* ABOUT THIS TASK
Here is the task for the records below: repeat exactly the lines from the one with "Glorious Bastards Konstanz" to the one with "11月28日,济南火车站南广", both included, and nothing else.

* EXTRACTED RECORDS

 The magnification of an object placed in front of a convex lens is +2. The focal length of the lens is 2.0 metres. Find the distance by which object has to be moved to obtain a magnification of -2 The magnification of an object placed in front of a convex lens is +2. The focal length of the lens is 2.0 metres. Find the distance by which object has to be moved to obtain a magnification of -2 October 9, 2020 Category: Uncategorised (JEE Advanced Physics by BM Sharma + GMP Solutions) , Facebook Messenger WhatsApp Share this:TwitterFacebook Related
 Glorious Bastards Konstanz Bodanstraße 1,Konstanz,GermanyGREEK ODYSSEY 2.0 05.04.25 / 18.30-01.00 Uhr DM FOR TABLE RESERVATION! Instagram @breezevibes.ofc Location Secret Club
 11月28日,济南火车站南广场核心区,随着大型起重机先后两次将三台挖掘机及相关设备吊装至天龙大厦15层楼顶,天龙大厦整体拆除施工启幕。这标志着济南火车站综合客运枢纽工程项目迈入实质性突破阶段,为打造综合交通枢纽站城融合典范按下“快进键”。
...
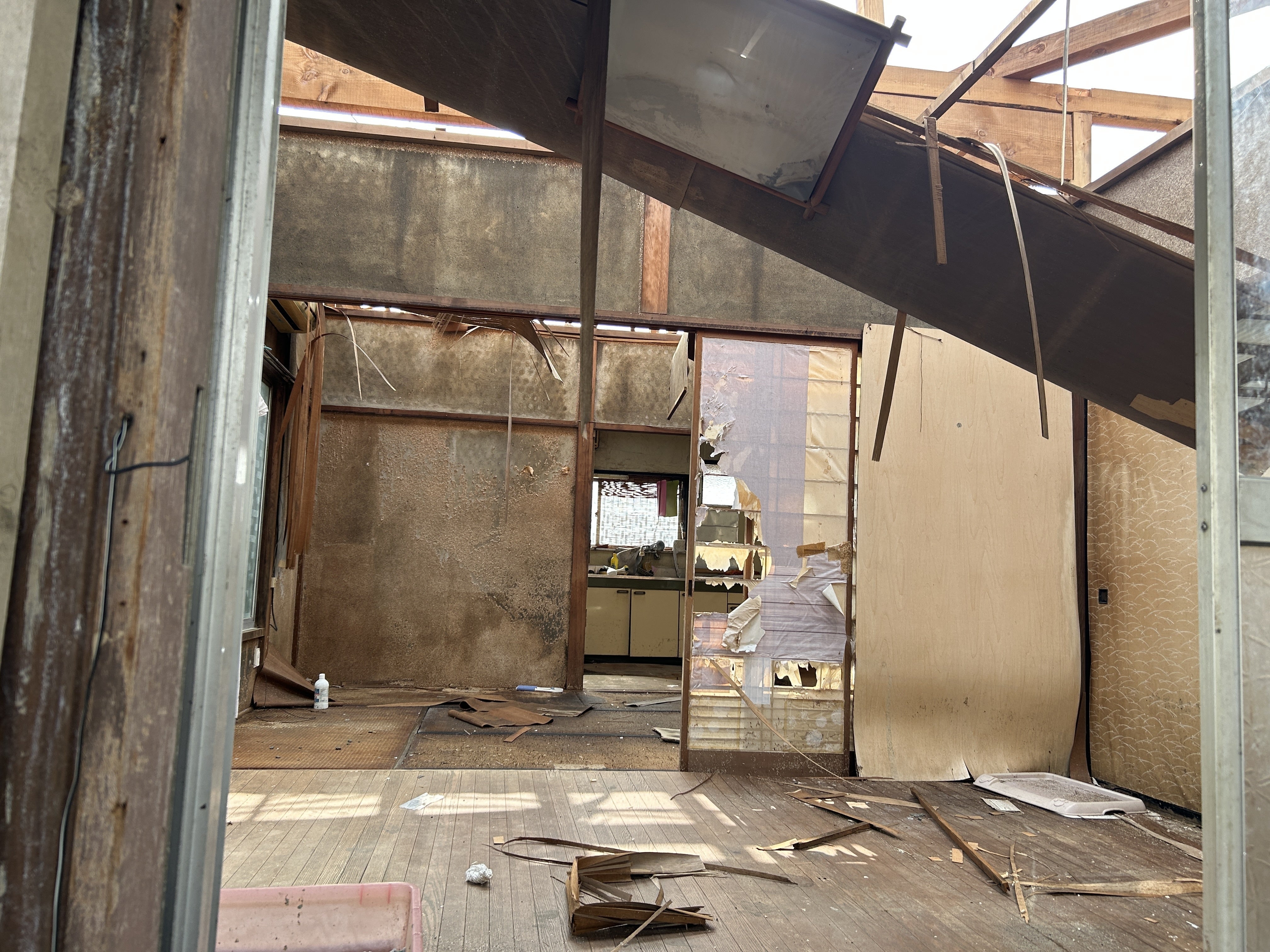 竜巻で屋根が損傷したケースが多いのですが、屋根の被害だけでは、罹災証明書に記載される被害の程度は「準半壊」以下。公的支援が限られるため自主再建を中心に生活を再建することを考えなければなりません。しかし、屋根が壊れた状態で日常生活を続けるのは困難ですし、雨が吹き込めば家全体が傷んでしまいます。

* SOLUTION TO THE PROBLEM
 Glorious Bastards Konstanz Bodanstraße 1,Konstanz,GermanyGREEK ODYSSEY 2.0 05.04.25 / 18.30-01.00 Uhr DM FOR TABLE RESERVATION! Instagram @breezevibes.ofc Location Secret Club
 11月28日,济南火车站南广场核心区,随着大型起重机先后两次将三台挖掘机及相关设备吊装至天龙大厦15层楼顶,天龙大厦整体拆除施工启幕。这标志着济南火车站综合客运枢纽工程项目迈入实质性突破阶段,为打造综合交通枢纽站城融合典范按下“快进键”。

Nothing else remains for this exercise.